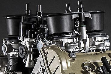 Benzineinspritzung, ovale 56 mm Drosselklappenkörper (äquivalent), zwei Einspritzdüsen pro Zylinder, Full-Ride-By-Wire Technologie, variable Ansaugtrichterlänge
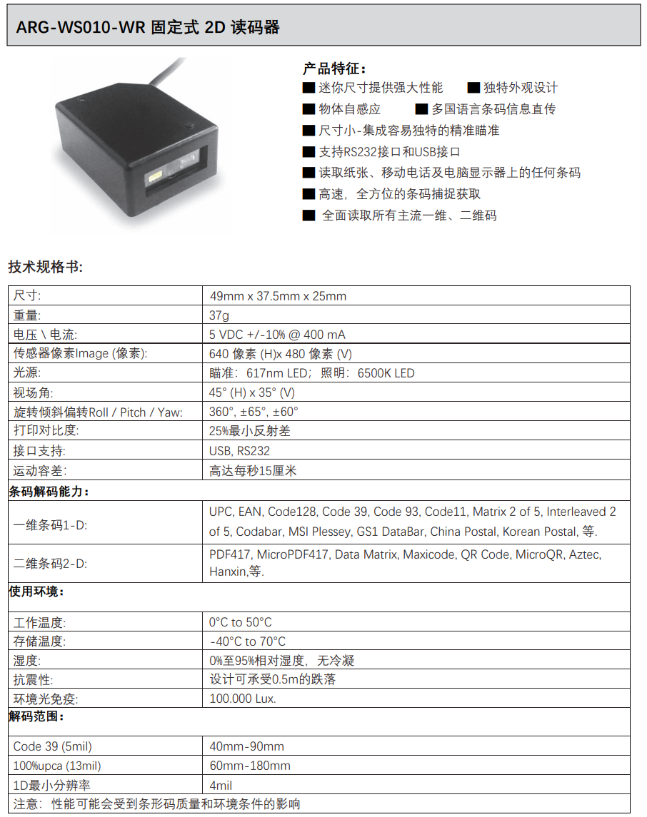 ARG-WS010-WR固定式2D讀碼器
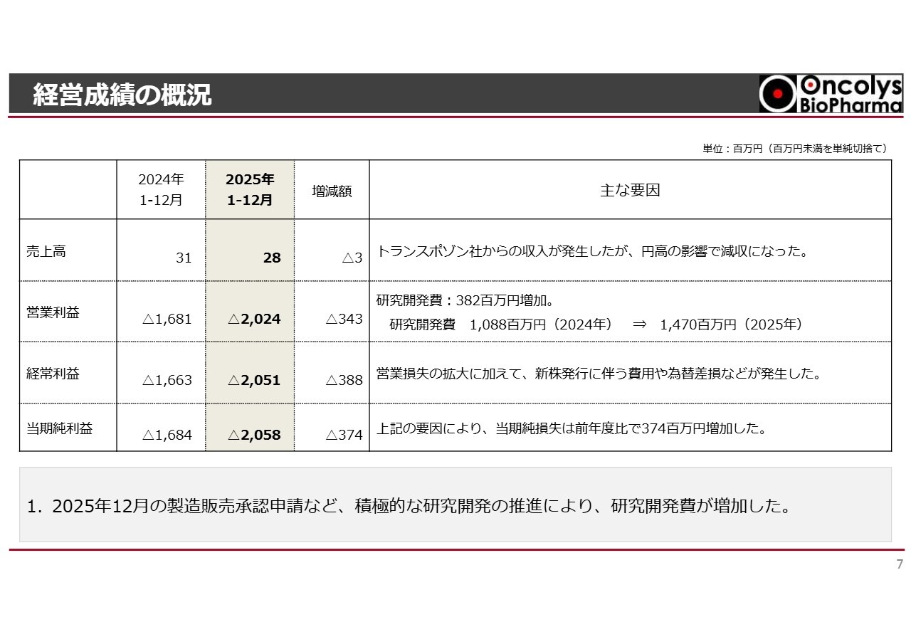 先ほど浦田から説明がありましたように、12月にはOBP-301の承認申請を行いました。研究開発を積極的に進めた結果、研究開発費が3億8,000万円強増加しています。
◆ ◆ ◆ ◆ ◆ ◆ ◆
- [Aim of the exercise] I would like the data copied exactly as it stands, with no pictures included.

- [Answer section]
 Benzineinspritzung, ovale 56 mm Drosselklappenkörper (äquivalent), zwei Einspritzdüsen pro Zylinder, Full-Ride-By-Wire Technologie, variable Ansaugtrichterlänge
 ARG-WS010-WR固定式2D讀碼器
 先ほど浦田から説明がありましたように、12月にはOBP-301の承認申請を行いました。研究開発を積極的に進めた結果、研究開発費が3億8,000万円強増加しています。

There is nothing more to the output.